Citizens Property's Barry Gilway Speaks Candidly
Around the State
In recent years, much of the news about Citizens Property Insurance Corp. has not been good and that bothers company President and CEO Barry Gilway.
As rates climbed, Floridians heard a series of unflattering stories about the state-run insurer.
Last week Gilway released a lengthy report of hundreds of internal complaints about fraud, theft, and porn on company computers. He has also been forced to explain excessive spending on travel and meals -- including a $633-a-night hotel stay in Bermuda -- plus huge pay raises for favored executives.
Gilway has been on the job eight months now. He believes Citizens Property should have been given more credit for the problems that have been fixed. He concedes the insurer did develop a troubled culture before he arrived there -- which is why he released last week's report detailing nearly 500 allegations of misconduct between 2008 and 2012.
He also hired new forensic auditors to focus on financial abuses, appointed an ethics officer to streamline the handling of internal complaints and instituted tougher restrictions on travel and meal expenses.
"Today not one employee can travel out of state or internationally unless I pre-approve that travel before the trip takes place. Not only if they can make the travel, but also what is it going to cost, what are the airfares, what kind of hotel are they going to stay in, what kind of estimated cost will they have for meals, etcetera," said Gilway.
Slowly but surely, he says, Citizens is instituting the procedures and people to fix the problems that have tagged the company as having a troubled culture.
"Today we just simply have a much, much stronger organization that's capable of addressing the type of issues that we released last week."
As for those big raises, five employees received pay hikes ranging from $25,000 to $31,000.
Gov.
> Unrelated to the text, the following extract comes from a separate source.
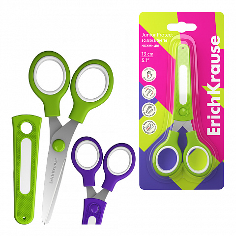 Ножницы для левшей ErichKrause Junior Protect с пластиковым чехлом и именным стикером, 13см, ассорти (в блистере по 1 шт.) |

Rick Scott has called the raises "outrageous." But Gilway stands by the salary increases, saying the executives were given more responsibilities and their pay is comparable to the private sector.
"(Our) compensation package ... shows at the executive level we are way, way behind market and we have some tough challenges and the only way we're going to solve those challenges is we're going to need good people."
Gilway says he feels good about what he's accomplished in his first eight months and is "thrilled" with efforts to reduce the size of the company.
When he started on the job in June 2012, Citizens had about 1.5 million customers. Now it's down to 1.3 million and he's aiming to get that number to 1.1 million by the end of the year.
Gilway says his depopulation plan will focus more on using a "clearinghouse" approach, which helps provide more purchasing options to his insureds. He hopes those extra options offer customers more comparable premiums in the private market.
Gilway dislikes the methods that Citizens used in the past to shed policies. "Instead of Citizens taking a negative approach and trying to drive people away because we're taking away coverages and taking a negative tact to move them off the books, to me, we can do some things that are positive."